Tuesday, March 11, 2008

A clue to 'CSI: Miami's' popularity


"Spike TV and www.TVGuide.com probably didn't have to engage a national polling organization to discover that men like to watch football and good-looking women on television.

That's kind of like finding that Golf Channel viewers admire 9 irons and HGTV watchers prefer green lawns.

But why make assumptions when you can commission a study? So Latitude Research quizzed 800 American men on what they really want - at least on TV - and sure enough, the winners were pigskin and babes.

For the full story, check this week's TV Guide, and if you suspect beer and chips might also be in this dream scenario, you're free to commission your own study to confirm or disprove.

We can be sure, in any case, that TVGuide.com and Spike TV don't think the football-and-women findings will startle us.

No, the real winner in this survey is Emily Procter.

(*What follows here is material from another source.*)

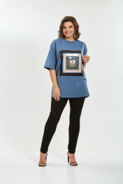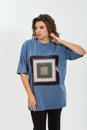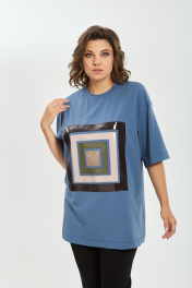 Майка свободного силуэта, со спущеным рукавом. Рукав короткий, чуть ниже локтя. По центру переда декор из лаковой кожи. Длина плеча-21,5см, длина рукава-29см, длина по спинке-82см. Параметры модели: обхват груди-98см, обхват бедер-110см, размер изделия на модели 50.

Procter plays Detective Calleigh Duquesne in CBS' "CSI: Miami," and for some reason she's too often overlooked when the discussion turns to women who all by themselves constitute a reason to watch a TV show."

Perhaps its because the shows' creators have her portrayed as smiling once every other blue moon and knowing next to nothing about her supposed specialty...guns.

Not Emily's fault. Some police officer moonlighting as a 'technical adviser' tells the writers that Ruger revolvers are rare, and Emily's character says so. Sure, stop by any gun board and talk CSI and she's forever mentioned as the blond with the boobs, because while television doesn't know from squat about guns it knows everything there is to know about tits. They dress her showing more cleavage than she rightfully owns...praise the Lord for push-up-bra's...but slut-ability doesn't exactly qualify as thespian chops so of course she sometimes gets the short end of the stick.

And that hair. Whoever does that hair should win an Emmy a week.

No. I rarely watch CSI Miami and do not believe I've ever actually sat through an entire performance. But DO pause whenever she's making yet another goof about firearms.